Perfectly inelastic demand. It is represented in in a graph, while the vertical line and indicates the price elasticity of zero at every point of the curve. Which, explains that the product will be demanded regardless of it price is high or low(Galperi et al 2013, p.431).
Effects of rising tomatoes prices on the total revenue of its wholesale market.
Bearing in mind that total revenue is the test of determining whether the demand is elastic or inelastic. Having observed that the tomatoes demand are both elastic and inelastic depending on the determinants subjected to.in the case where the increase in tomatoes price may increase the total revenue since the increase in price didn’t hinder people from buying tomatoes. But in some case where people were consuming a few tomatoes due to increase in price, it resulted in the decrease in the total revenue.

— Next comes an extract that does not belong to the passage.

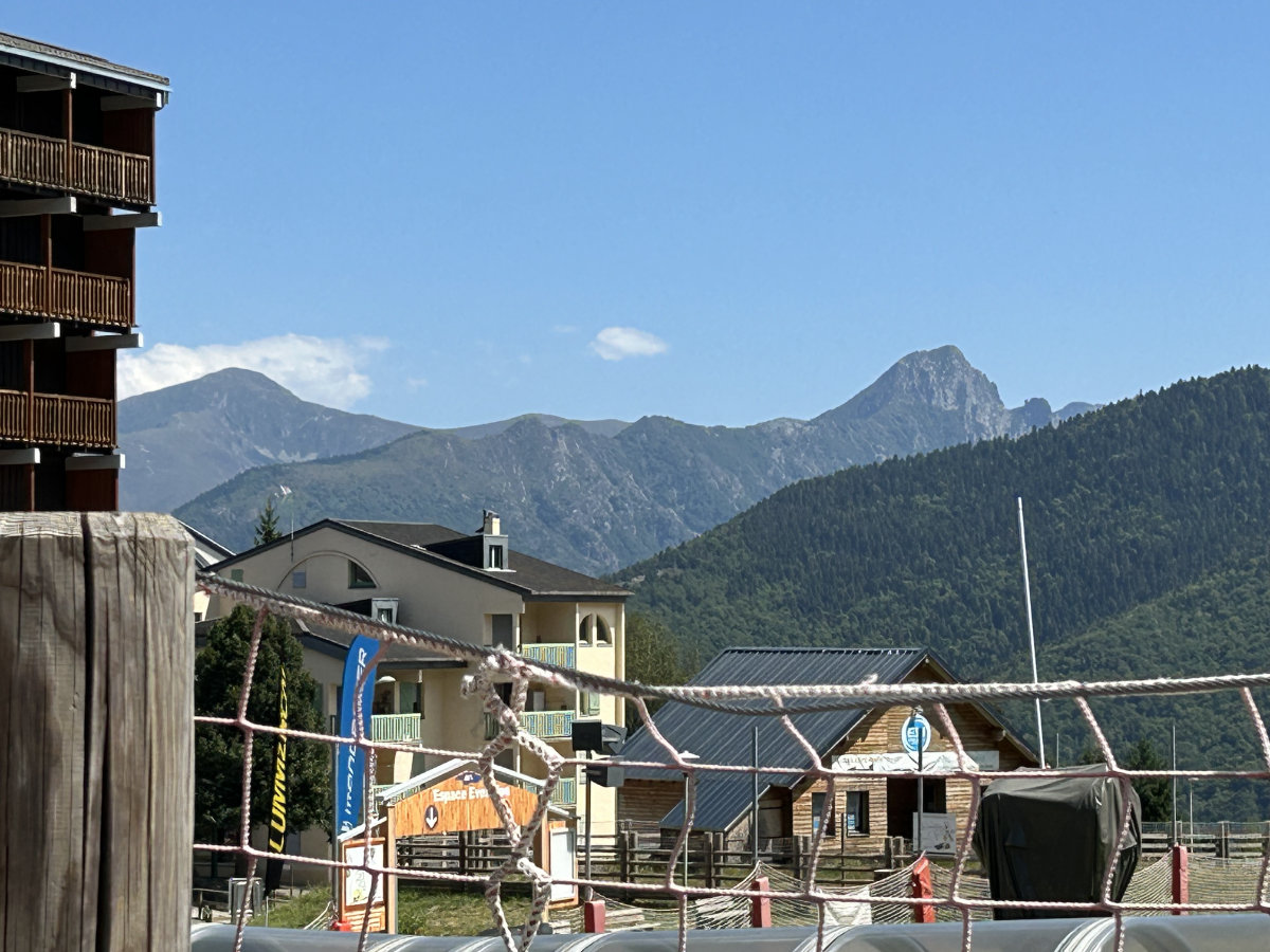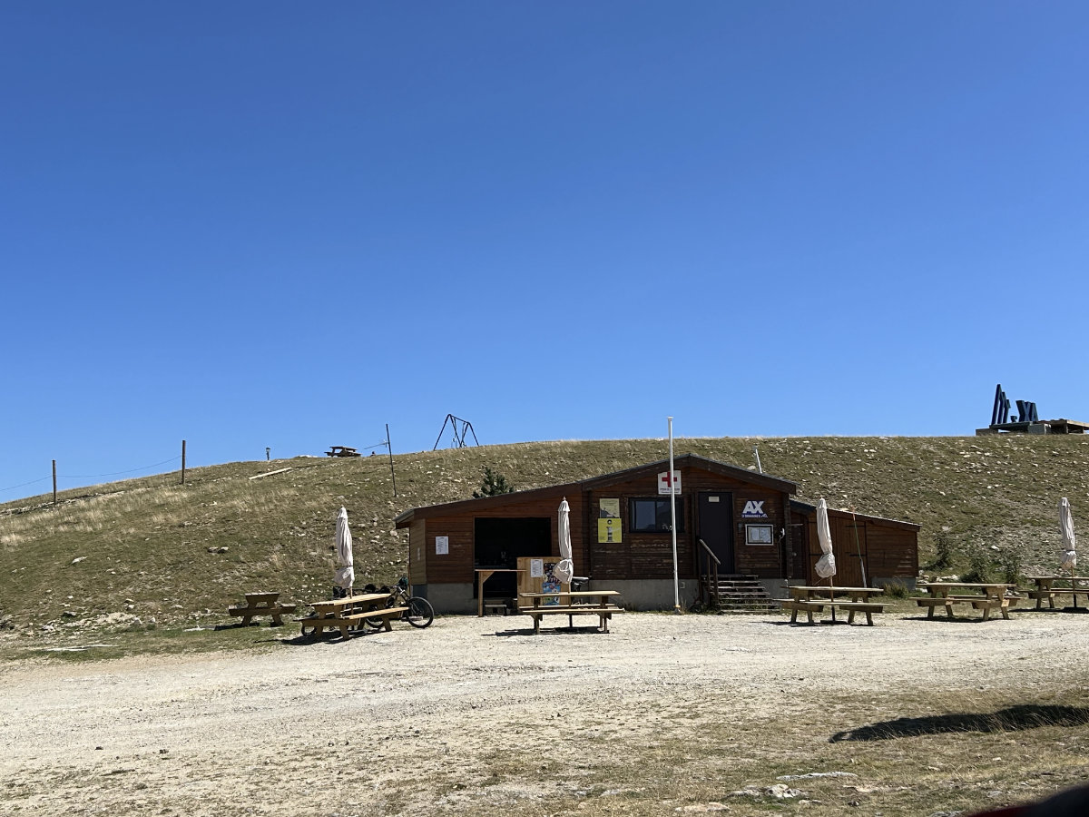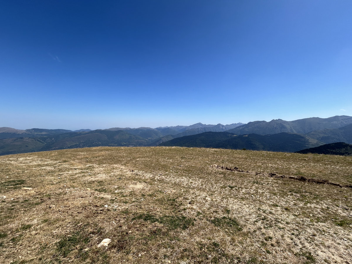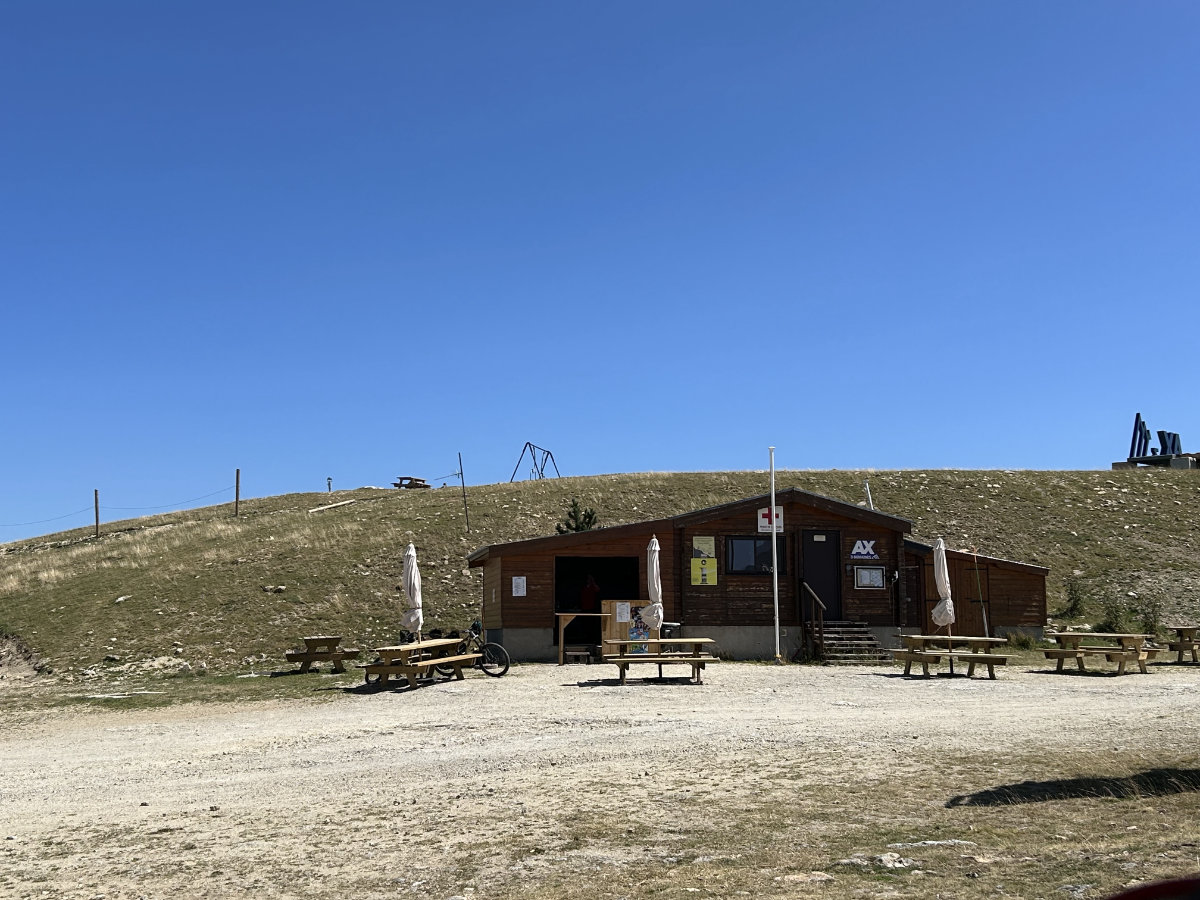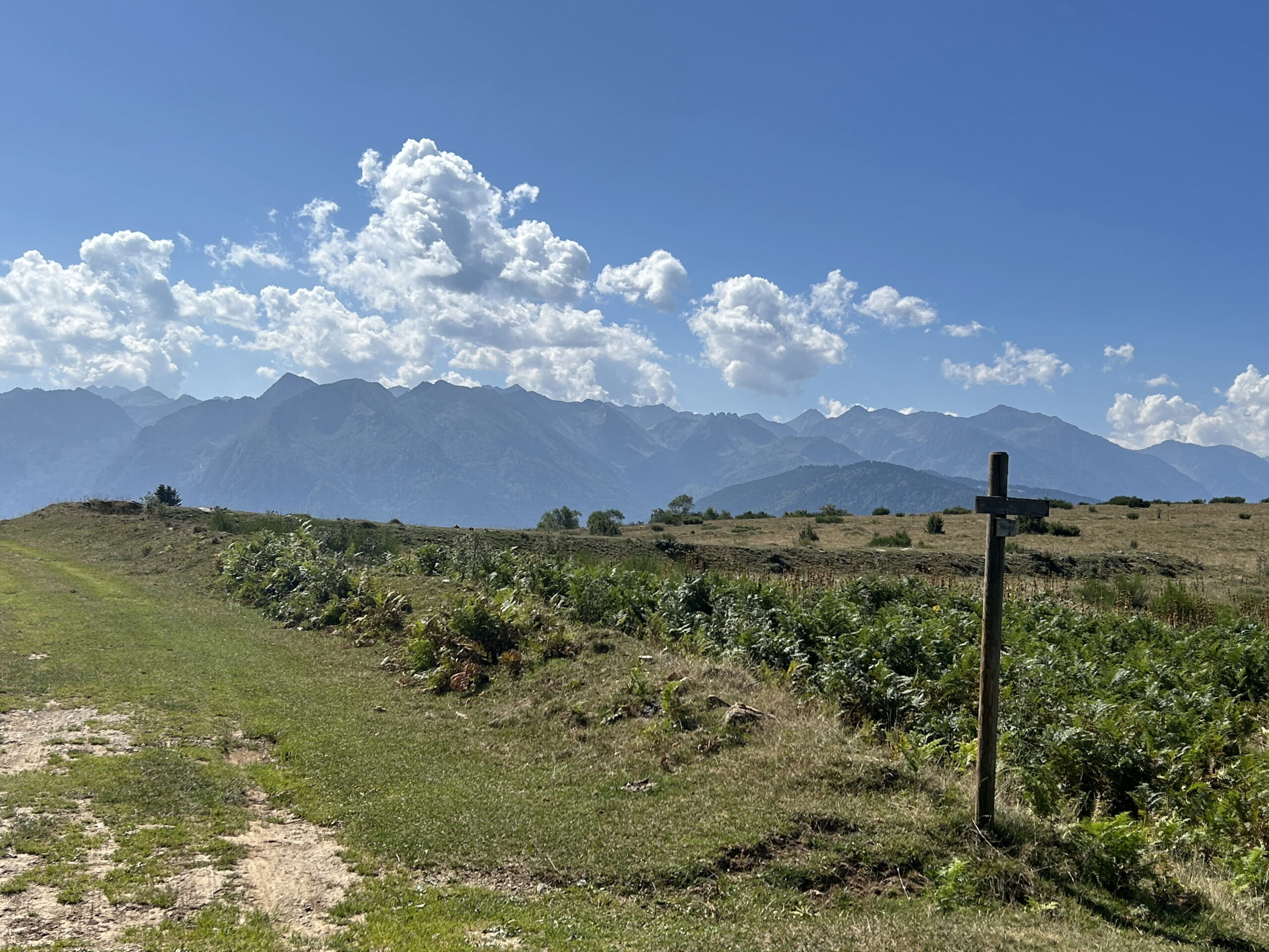 Wir benötigen knapp 40 Minuten, um auf schönen Wegen entlang der Ariège nach Ax-les-Thermes zu gelangen. Dort besteigen wir die Gondelbahn bis zum Plateau de Bonascre (1400m) und von dort mit dem Sessellift aufs Plateau de Saguet (2000m). Das Ticket für die Benutzung der Gondelbahn und des Sessellifts kostet 11 Euro pro Person. Ganz oben geniessen wir den Panoramablick auf die Berge der Pyrenäen. Mit dem im Boden einbetonierten grossen Fernglas würden wir die chinesische Mauer noch scharf zu sehen bekommen, nur die Erdkrümmung verhindert das. Die Sicht durchs Fernglas ist top, und – Sie ahnen es bereits, – genau, gratis!

3. So as to sustain the supply of tomatoes, the government can form partnerships with other nations that produce tomatoes. For instance, Australia can import tomatoes from Italy. An advantage of this strategy is that during scenarios of harsh climatic conditions like the one experienced, the shortage of tomatoes will be reduced or put under control. A limitation in this strategy is that the local suppliers of tomatoes are likely to lose the market for their products when the export from other countries increases. They will be forced to sell at low prices to avoid a surplus of tomatoes when the tomatoes increase in the market.
The government can provide training to farmers to so that they can keep farming tomatoes. Tomato farmers experience massive losses at times due to climatic conditions, and this prompts some of them to abandon farming. For this to be avoided, the government can finance a research to come up with conditions that farmers can use so that the tomatoes can be able to persevere harsh weather. It will ensure that the supply of tomatoes is sustained. A limitation of this strategy is that a lot of finances will be required to fund the research.
The government should employ the use of artificial supplements of tomatoes to kerb the shortage of the tomatoes which results in the increase of the tomatoes. The introduction of plants supplements will lead to the decrease of its high prices, hence increasing the total revenue of the market. Also, the introduction of this artificial supplement will create a competitive market in the market, hence lowering their high prices, enabling the customer to cut down on the tomatoes budget allocated. Though, the introduction of this supplements for the plants may impact negatively on its demand, resulting to its inelastic. Hence, losing its market value while that of artificial supplement goes up (Jeston et al 2014, p.155)
Chen, H., Chen, Y.F., Chiu, C.H., Choi, T.M. and Sethi, S., 2010. Coordination mechanism for the supply chain with leadtime consideration and price-dependent demand. European Journal of Operational Research, 203(1), pp.70-80.
Darghouth, N.R., Wiser, R.H. and Barbose, G., 2016. Customer economics of residential photovoltaic systems: Sensitivities to changes in wholesale market design and rate structures. Renewable and Sustainable Energy Reviews, 54, pp.1459-1469.
Galperin, H. and Ruzzier, C.A., 2013. Price elasticity of demand for broadband: evidence from Latin America and the Caribbean. Telecommunications Policy, 37(6), pp.429-438.
Jeston, J. and Nelis, J., 2014. Business process management. Routledge.pg 150-160.
Mendoza, E.G. and Yue, V.Z., 2012. A general equilibrium model of sovereign default and business cycles. The Quarterly Journal of Economics, 127(2), pp.889-946.